Department of Nephrology and Hypertension, University Medical Center Utrecht, Utrecht, The Netherlands.
PLoS One. 2012;7(9):e41339. doi: 10.1371/journal.pone.0041339. Epub 2012 Sep 5.
Combined heart and renal failure is associated with high cardiovascular morbidity and mortality. Anti-oxidant and anti-inflammatory, non-hematopoietic effects of erythropoietin (EPO) treatment have been proposed. Monocytes may act as biosensors of the systemic environment. We hypothesized that monocyte transcriptomes of patients with cardiorenal syndrome (CRS) reflect the pathophysiology of the CRS and respond to short-term EPO treatment at a recommended dose for treatment of renal anemia.
Patients with CRS and anemia (n = 18) included in the EPOCARES trial were matched to healthy controls (n = 12). Patients were randomized to receive 50 IU/kg/week EPO or not. RNA from CD14(+)-monocytes was subjected to genome wide expression analysis (Illumina) at baseline and 18 days (3 EPO injections) after enrolment. Transcriptomes from patients were compared to healthy controls and effect of EPO treatment was evaluated within patients.

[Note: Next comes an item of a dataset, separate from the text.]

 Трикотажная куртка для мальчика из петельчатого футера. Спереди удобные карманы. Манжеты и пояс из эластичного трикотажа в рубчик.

In CRS patients, expression of 471 genes, including inflammation and oxidative stress related genes was different from healthy controls. Cluster analysis did not separate patients from healthy controls. The 6 patients with the highest hsCRP levels had more differentially expressed genes than the 6 patients with the lowest hsCRP levels. Analysis of the variation in log(2) ratios of all individual 18 patients indicated that 4 of the 18 patients were different from the controls, whereas the other 14 were quite similar. After short-term EPO treatment, every patient clustered to his or her own baseline transcriptome. Two week EPO administration only marginally affected expression profiles on average, however, individual gene responses were variable.

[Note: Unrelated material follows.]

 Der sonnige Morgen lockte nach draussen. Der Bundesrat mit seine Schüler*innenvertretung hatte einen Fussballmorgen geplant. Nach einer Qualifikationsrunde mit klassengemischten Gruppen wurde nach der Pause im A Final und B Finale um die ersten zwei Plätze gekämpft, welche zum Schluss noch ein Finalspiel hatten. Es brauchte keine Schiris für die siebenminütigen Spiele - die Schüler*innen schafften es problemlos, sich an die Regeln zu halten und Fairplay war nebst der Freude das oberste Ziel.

In stable, treated CRS patients with mild anemia, monocyte transcriptomes were modestly altered, and indicated imprints of inflammation and oxidative stress. EPO treatment with a fixed dose has hematopoietic effects, had no appreciable beneficial actions on monocyte transcription profiles, however, could also not be associated with undesirable transcriptional responses.
心脏和肾脏同时衰竭与较高的心血管发病率和死亡率相关。促红细胞生成素(EPO)的抗氧化和抗炎、非造血作用已被提出。单核细胞可能作为全身环境的生物传感器。我们假设,心肾综合征(CRS)患者的单核细胞转录组反映了 CRS 的病理生理学,并对推荐剂量的 EPO 短期治疗做出反应,以治疗肾性贫血。

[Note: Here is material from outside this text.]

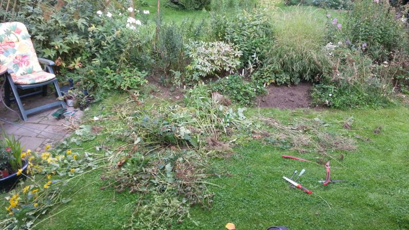 Ich habe noch am Sonnabend den Kampf gegen die "Spätsommerverwahrlosung" im Terassenbeet gewonnen. Erstmalig !!! habe ich es somit geschafft das Beet zum Sommerende nochmal gründlich aufzuräumen. Bisher musste das immer bis zum Frühling warten. Ein gutes Gefühl - es wird besser...
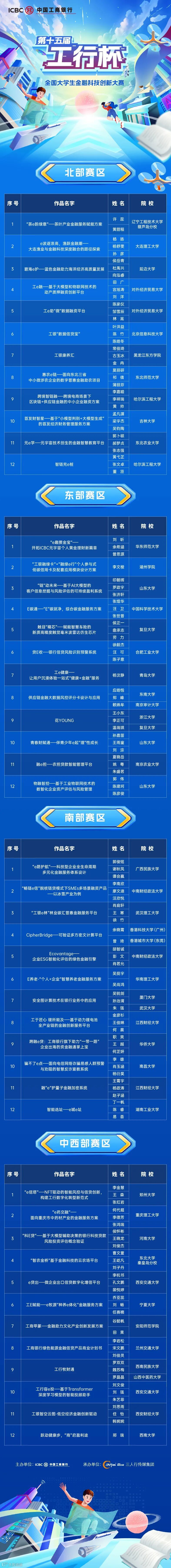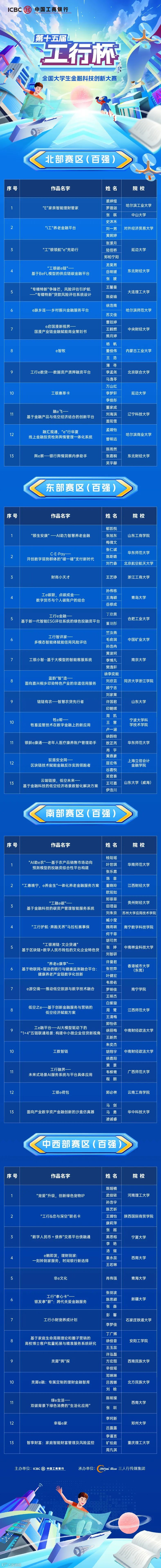 第十五届“工行杯”全国大学生金融科技创新大赛全国区域赛晋级名单

纳入 EPOCARES 试验的 CRS 伴贫血患者(n=18)与健康对照者(n=12)相匹配。患者随机接受 50IU/kg/周 EPO 或不接受。在基线和入组后 18 天(3 次 EPO 注射)时,用 CD14(+)单核细胞的 RNA 进行全基因组表达分析(Illumina)。将患者的转录组与健康对照者进行比较,并在患者内部评估 EPO 治疗的效果。
在 CRS 患者中,包括炎症和氧化应激相关基因在内的 471 个基因的表达与健康对照者不同。聚类分析未能将患者与健康对照者分开。hsCRP 水平最高的 6 例患者比 hsCRP 水平最低的 6 例患者有更多差异表达的基因。对所有 18 例患者个体 log2 比值变化的分析表明,18 例患者中有 4 例与对照组不同,而其余 14 例则非常相似。短期 EPO 治疗后,每位患者均聚类到自身的基线转录组。平均而言,两周 EPO 给药仅轻微影响表达谱,但个体基因的反应是可变的。
在稳定、经治疗的 CRS 患者中,轻度贫血时单核细胞转录组发生适度改变,并提示炎症和氧化应激的痕迹。用固定剂量的 EPO 治疗具有造血作用,但对单核细胞转录谱没有明显的有益作用,然而,也不能与不良的转录反应相关联。